Supplied information Start Marker

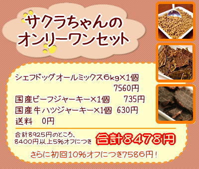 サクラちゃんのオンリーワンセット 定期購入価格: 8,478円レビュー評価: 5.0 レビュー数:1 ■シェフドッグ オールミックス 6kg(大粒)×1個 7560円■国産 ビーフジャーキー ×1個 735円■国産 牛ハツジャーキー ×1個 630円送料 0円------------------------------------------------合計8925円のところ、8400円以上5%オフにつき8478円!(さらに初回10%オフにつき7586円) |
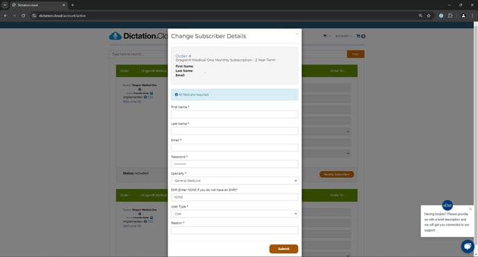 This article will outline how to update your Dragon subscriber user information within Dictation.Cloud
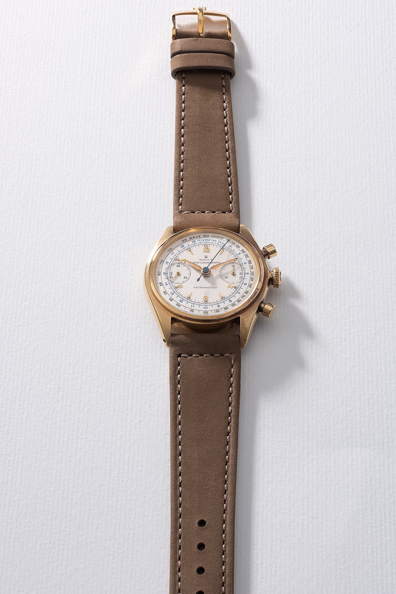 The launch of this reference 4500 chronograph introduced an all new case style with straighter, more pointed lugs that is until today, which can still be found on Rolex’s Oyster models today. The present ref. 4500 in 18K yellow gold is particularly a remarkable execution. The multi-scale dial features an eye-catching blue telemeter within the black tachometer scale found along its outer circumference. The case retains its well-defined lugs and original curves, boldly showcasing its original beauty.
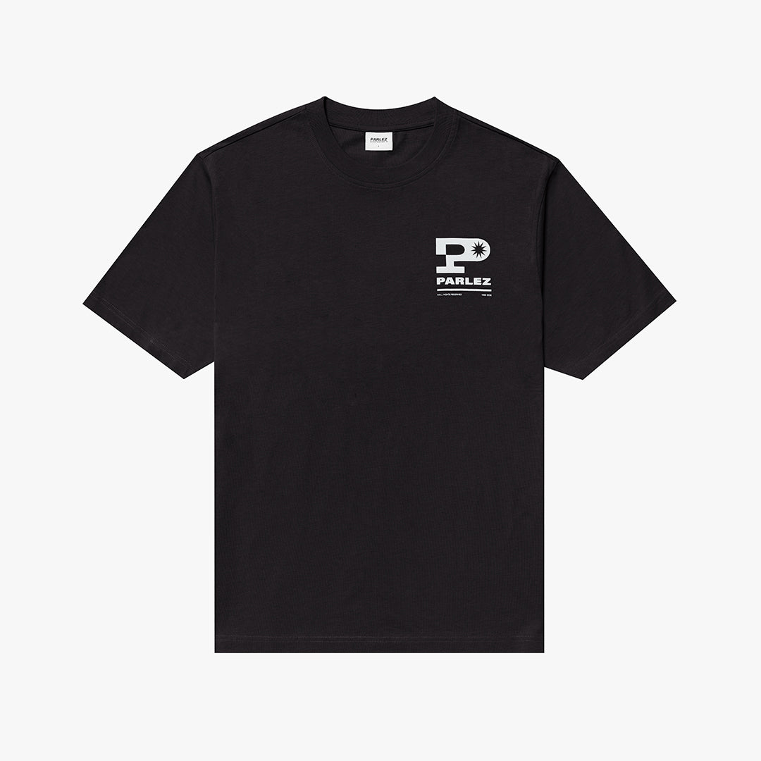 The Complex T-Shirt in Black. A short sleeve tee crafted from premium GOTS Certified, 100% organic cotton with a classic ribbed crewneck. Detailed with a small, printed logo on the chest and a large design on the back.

Supplied information End Marker

Action item: Please transcribe the listing above verbatim and exclude every picture.

The completed task:
 サクラちゃんのオンリーワンセット 定期購入価格: 8,478円レビュー評価: 5.0 レビュー数:1 ■シェフドッグ オールミックス 6kg(大粒)×1個 7560円■国産 ビーフジャーキー ×1個 735円■国産 牛ハツジャーキー ×1個 630円送料 0円------------------------------------------------合計8925円のところ、8400円以上5%オフにつき8478円!(さらに初回10%オフにつき7586円) |
 This article will outline how to update your Dragon subscriber user information within Dictation.Cloud
 The launch of this reference 4500 chronograph introduced an all new case style with straighter, more pointed lugs that is until today, which can still be found on Rolex’s Oyster models today. The present ref. 4500 in 18K yellow gold is particularly a remarkable execution. The multi-scale dial features an eye-catching blue telemeter within the black tachometer scale found along its outer circumference. The case retains its well-defined lugs and original curves, boldly showcasing its original beauty.
 The Complex T-Shirt in Black. A short sleeve tee crafted from premium GOTS Certified, 100% organic cotton with a classic ribbed crewneck. Detailed with a small, printed logo on the chest and a large design on the back.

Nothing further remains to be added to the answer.